* Problem to work on
Starting from the line with "相比日韩,中国城镇居民部门的" and going up to and including the line with "获省部级科技进步奖一等奖2项", copy the listing below exactly. Leave all images out.

* Source data
=-=-=-=-=
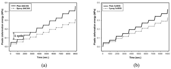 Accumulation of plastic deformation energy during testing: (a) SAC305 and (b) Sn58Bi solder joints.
=-=-=-=-=
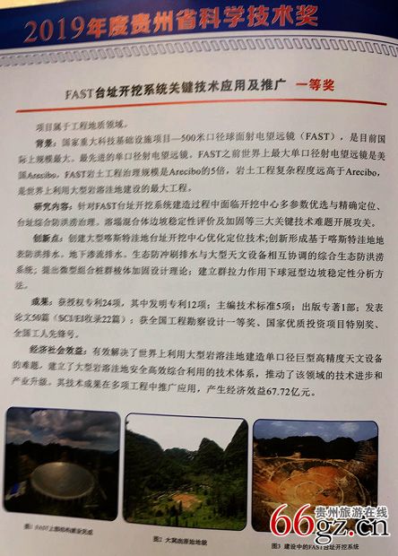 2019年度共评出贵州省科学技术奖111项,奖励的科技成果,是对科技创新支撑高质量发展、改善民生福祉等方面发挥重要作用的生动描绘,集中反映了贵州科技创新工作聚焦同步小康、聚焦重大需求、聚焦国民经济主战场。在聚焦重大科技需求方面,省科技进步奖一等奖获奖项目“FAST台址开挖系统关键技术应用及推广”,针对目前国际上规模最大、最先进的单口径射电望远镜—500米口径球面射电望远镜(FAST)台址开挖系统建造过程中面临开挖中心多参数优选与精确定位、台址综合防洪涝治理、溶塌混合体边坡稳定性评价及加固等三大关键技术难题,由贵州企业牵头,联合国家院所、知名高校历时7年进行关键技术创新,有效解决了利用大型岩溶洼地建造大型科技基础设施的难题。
=-=-=-=-=
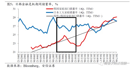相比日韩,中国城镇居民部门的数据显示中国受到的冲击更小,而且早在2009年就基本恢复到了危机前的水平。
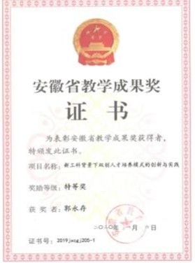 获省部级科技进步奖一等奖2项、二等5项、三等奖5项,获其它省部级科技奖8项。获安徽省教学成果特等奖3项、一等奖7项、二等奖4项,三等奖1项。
=-=-=-=-=
* Your response
相比日韩,中国城镇居民部门的数据显示中国受到的冲击更小,而且早在2009年就基本恢复到了危机前的水平。
 获省部级科技进步奖一等奖2项、二等5项、三等奖5项,获其它省部级科技奖8项。获安徽省教学成果特等奖3项、一等奖7项、二等奖4项,三等奖1项。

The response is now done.